Methods: Thirteen semi-structured interviews were conducted with terminally-ill, hospice-enrolled Latinos 65 or older, or their decision-making proxies. The sample is predominantly female (54% of all patients; 80% of proxies) and Mexican (77%). The average age of all patients was 82 years, and of proxies 54. Patients interviewed had an average of 7 years of education and proxies an average of 11 years. Providers from seven sites: four hospice agencies, one nursing home, and two hospital departments identified and referred study participants. Interviews elicited information regarding participants’ values, needs, and preferences related to health and end-of-life care; knowledge of options and of hospice; and services/supports needed and available to them. Interviews were transcribed verbatim and coded thematically using an inductive approach. The replicability of the themes was established by using a second coder to code a Spanish and an English transcript (15% of the data) and obtaining a high level of interrater reliability (k = 0.85).

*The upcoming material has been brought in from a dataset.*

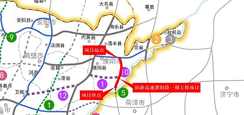 據了解,2個高速公路項目主線均按照設計時速100公里的雙向四車道標準建設。其中,陽新高速濮陽段項目路線全長33.916公里,項目位於濮陽市境內,整體呈南北走向,北接濮范高速,在濮陽縣梨園鄉到達項目終點,與規劃的黃河特大橋北橋頭相接。

Results: Analysis revealed that migration patterns limited participants’ past exposure to aging and dying, and interactions with healthcare. Combined with language and health literacy challenges, participants had a limited or incorrect understanding of hospice, its range of services, and connection to their prognosis. Proxies and patients discussed accepting hospice as a way to access nursing services and medical supplies. Many participants were unaware of having a social worker or were not in regular contact with the social worker, and, when listing services they were receiving, no participant in this study listed social services. Despite accepting hospice, many described ongoing curative goals, unmet needs, and challenges coordinating care consistent with cultural and religious preferences. Most often, this was due to a lack of Spanish-speaking providers and breakdown in communication; most participants relied on non-clinical Spanish-speaking staff as their main hospice contact.
Conclusion and Implications: This study found that participants’ limited understanding of the range of hospice services, even once enrolled in hospice, impacted their ability to coordinate care and resulted in unmet needs. Findings highlight the importance of improving patient-provider language and cultural concordance as a way to improve communication and care. Improving awareness of end-of-life care options including hospice, among Latino communities, remains a need. Workforce developments are required in order to ensure Latino hospice patients have access to well-trained social workers who can provide comprehensive and culturally-appropriate education, needs assessments, and support.